■ WHAT YOU HAVE TO DO
Reproduce only the lines below from the line containing "A 4 x 6 original" to the line containing "Blühende, abstrakte Rose", exactly as written, with both end lines kept. Omit the pictures.

[Collected data entries]
☆ ☆ ☆ ☆

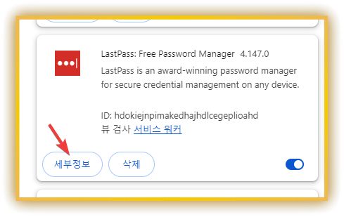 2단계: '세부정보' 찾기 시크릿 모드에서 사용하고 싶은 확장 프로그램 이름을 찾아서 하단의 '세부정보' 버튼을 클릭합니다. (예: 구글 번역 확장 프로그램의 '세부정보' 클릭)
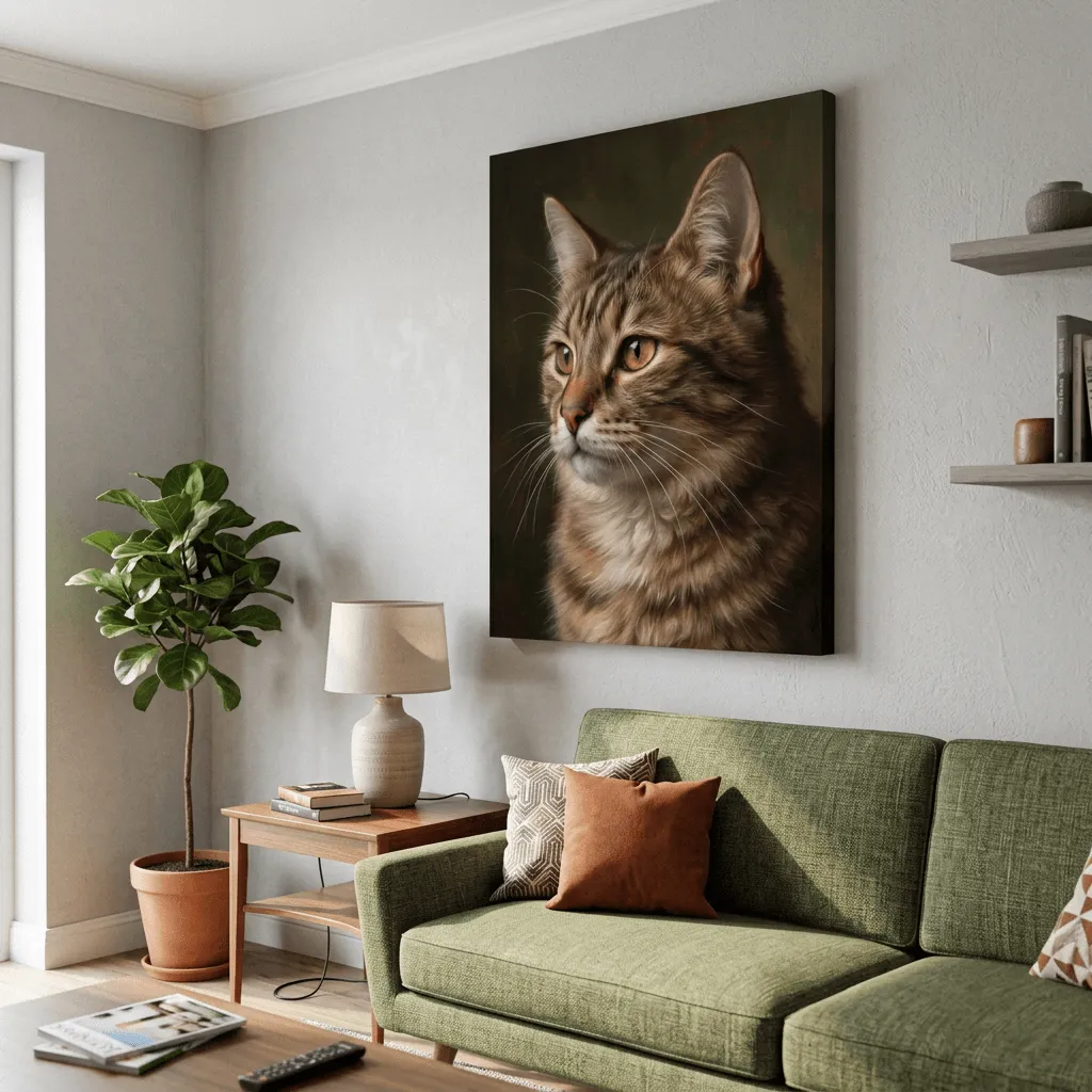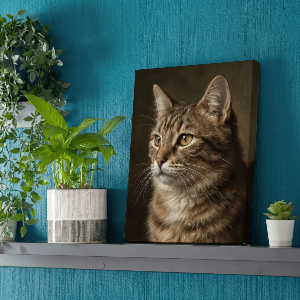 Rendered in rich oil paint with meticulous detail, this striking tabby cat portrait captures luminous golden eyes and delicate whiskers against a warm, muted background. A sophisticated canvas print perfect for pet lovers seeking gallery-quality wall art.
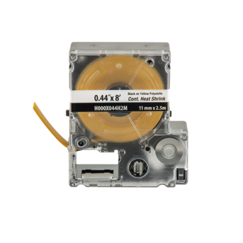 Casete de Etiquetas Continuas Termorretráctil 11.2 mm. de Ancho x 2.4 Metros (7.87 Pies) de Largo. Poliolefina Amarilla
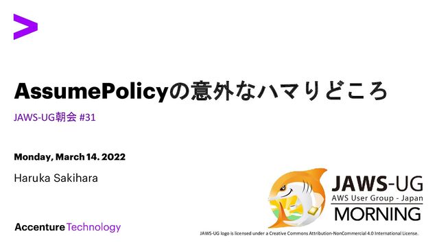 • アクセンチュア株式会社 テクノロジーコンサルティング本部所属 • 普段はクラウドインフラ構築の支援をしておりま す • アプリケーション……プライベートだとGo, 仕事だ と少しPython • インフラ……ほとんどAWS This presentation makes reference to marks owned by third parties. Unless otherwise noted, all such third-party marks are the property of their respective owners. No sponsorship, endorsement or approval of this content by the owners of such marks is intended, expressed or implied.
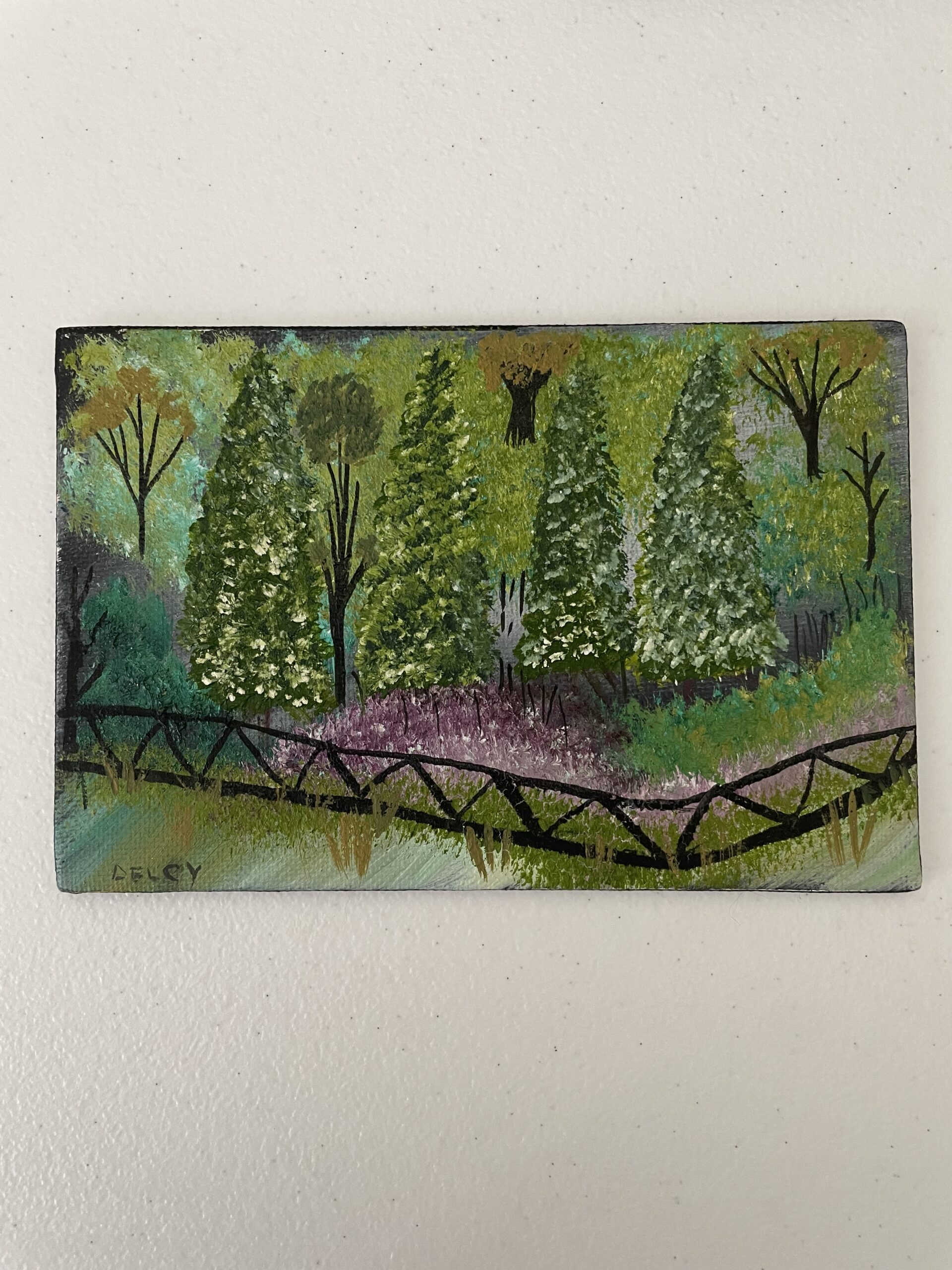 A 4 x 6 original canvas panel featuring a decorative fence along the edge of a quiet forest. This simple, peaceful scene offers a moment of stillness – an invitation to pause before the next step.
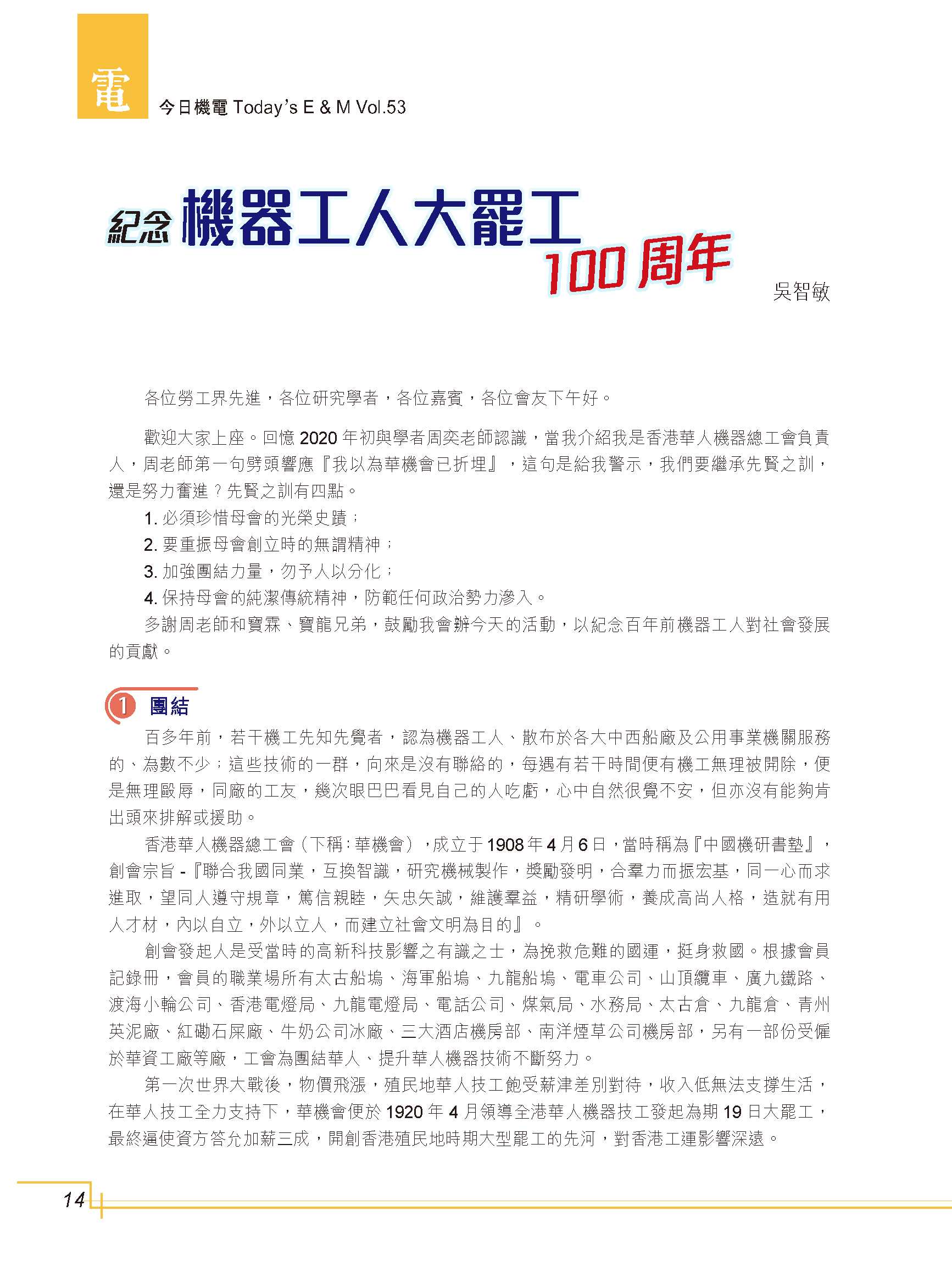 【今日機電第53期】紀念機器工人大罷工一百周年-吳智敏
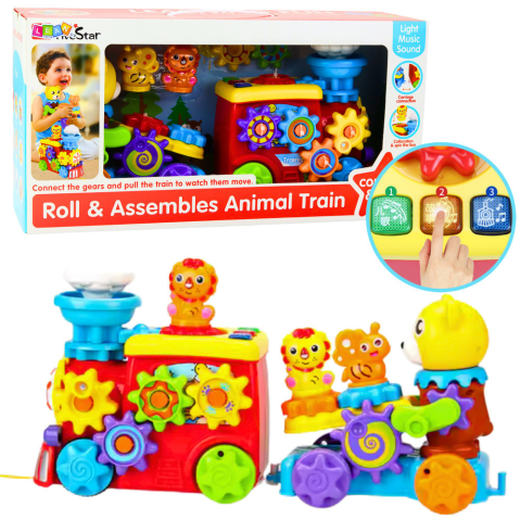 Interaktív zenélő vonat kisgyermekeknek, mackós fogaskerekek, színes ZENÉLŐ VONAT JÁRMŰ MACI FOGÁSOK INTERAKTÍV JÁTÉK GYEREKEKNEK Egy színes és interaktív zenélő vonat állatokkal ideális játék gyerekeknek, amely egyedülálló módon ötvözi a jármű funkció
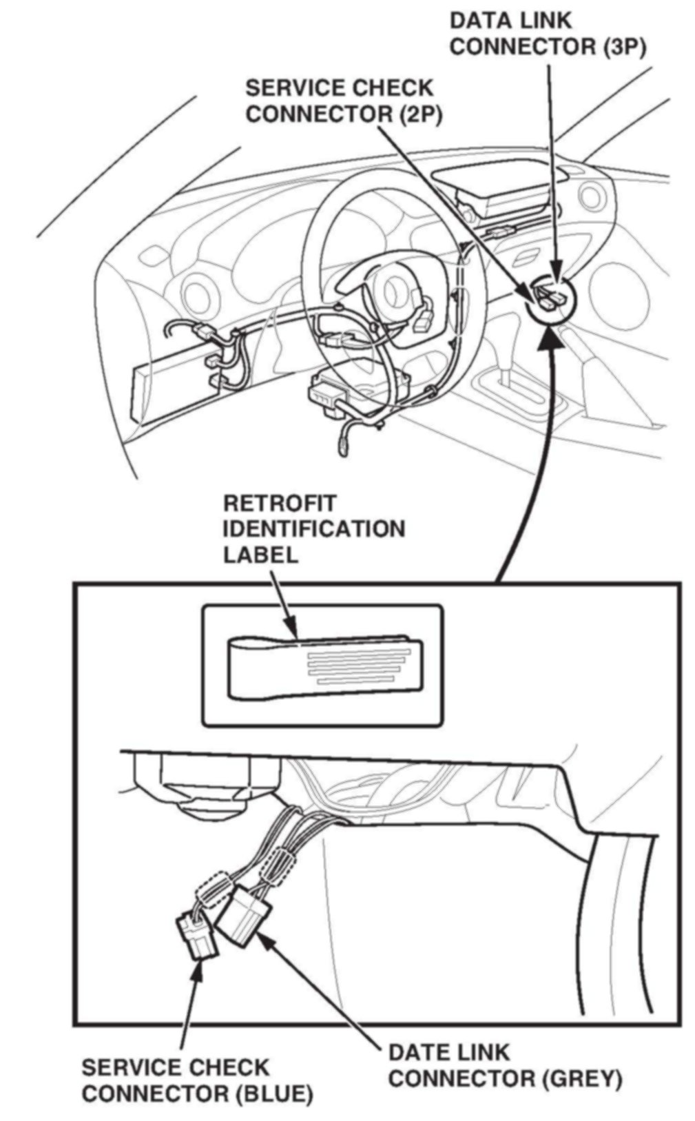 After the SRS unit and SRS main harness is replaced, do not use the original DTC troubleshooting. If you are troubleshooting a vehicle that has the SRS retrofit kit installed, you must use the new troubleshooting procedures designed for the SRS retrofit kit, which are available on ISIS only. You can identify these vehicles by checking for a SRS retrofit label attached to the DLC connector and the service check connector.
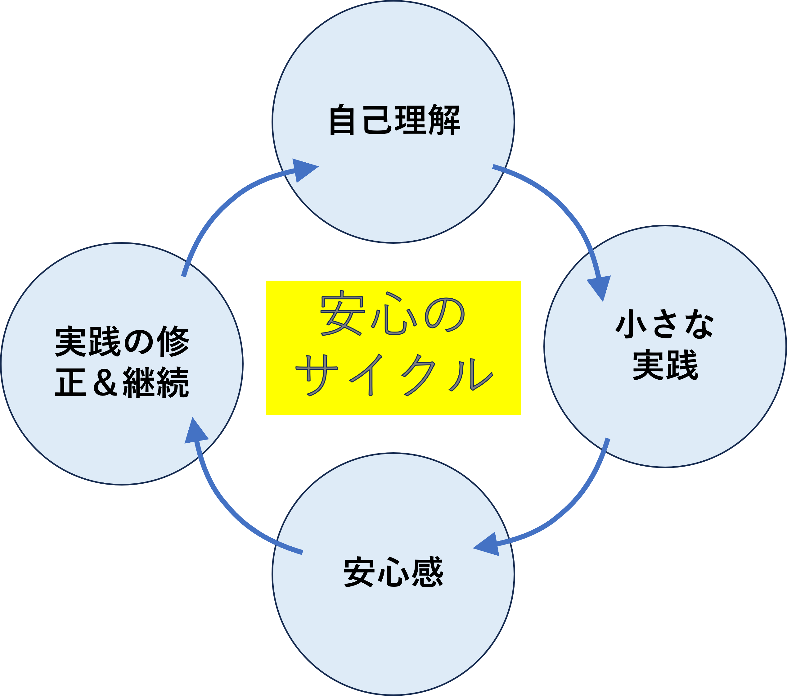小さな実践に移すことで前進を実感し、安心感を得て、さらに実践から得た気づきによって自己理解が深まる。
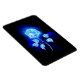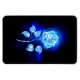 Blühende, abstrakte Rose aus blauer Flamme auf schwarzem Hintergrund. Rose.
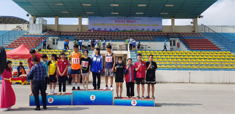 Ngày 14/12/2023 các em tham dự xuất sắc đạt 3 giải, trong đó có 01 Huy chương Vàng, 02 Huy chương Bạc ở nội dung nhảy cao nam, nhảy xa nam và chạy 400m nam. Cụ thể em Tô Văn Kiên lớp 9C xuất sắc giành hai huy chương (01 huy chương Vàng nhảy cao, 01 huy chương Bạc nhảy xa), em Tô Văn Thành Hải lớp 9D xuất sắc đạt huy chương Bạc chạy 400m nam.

☆ ☆ ☆ ☆

■ RESULT FOR THIS EXERCISE
 A 4 x 6 original canvas panel featuring a decorative fence along the edge of a quiet forest. This simple, peaceful scene offers a moment of stillness – an invitation to pause before the next step.
 【今日機電第53期】紀念機器工人大罷工一百周年-吳智敏
 Interaktív zenélő vonat kisgyermekeknek, mackós fogaskerekek, színes ZENÉLŐ VONAT JÁRMŰ MACI FOGÁSOK INTERAKTÍV JÁTÉK GYEREKEKNEK Egy színes és interaktív zenélő vonat állatokkal ideális játék gyerekeknek, amely egyedülálló módon ötvözi a jármű funkció
 After the SRS unit and SRS main harness is replaced, do not use the original DTC troubleshooting. If you are troubleshooting a vehicle that has the SRS retrofit kit installed, you must use the new troubleshooting procedures designed for the SRS retrofit kit, which are available on ISIS only. You can identify these vehicles by checking for a SRS retrofit label attached to the DLC connector and the service check connector.
小さな実践に移すことで前進を実感し、安心感を得て、さらに実践から得た気づきによって自己理解が深まる。
 Blühende, abstrakte Rose aus blauer Flamme auf schwarzem Hintergrund. Rose.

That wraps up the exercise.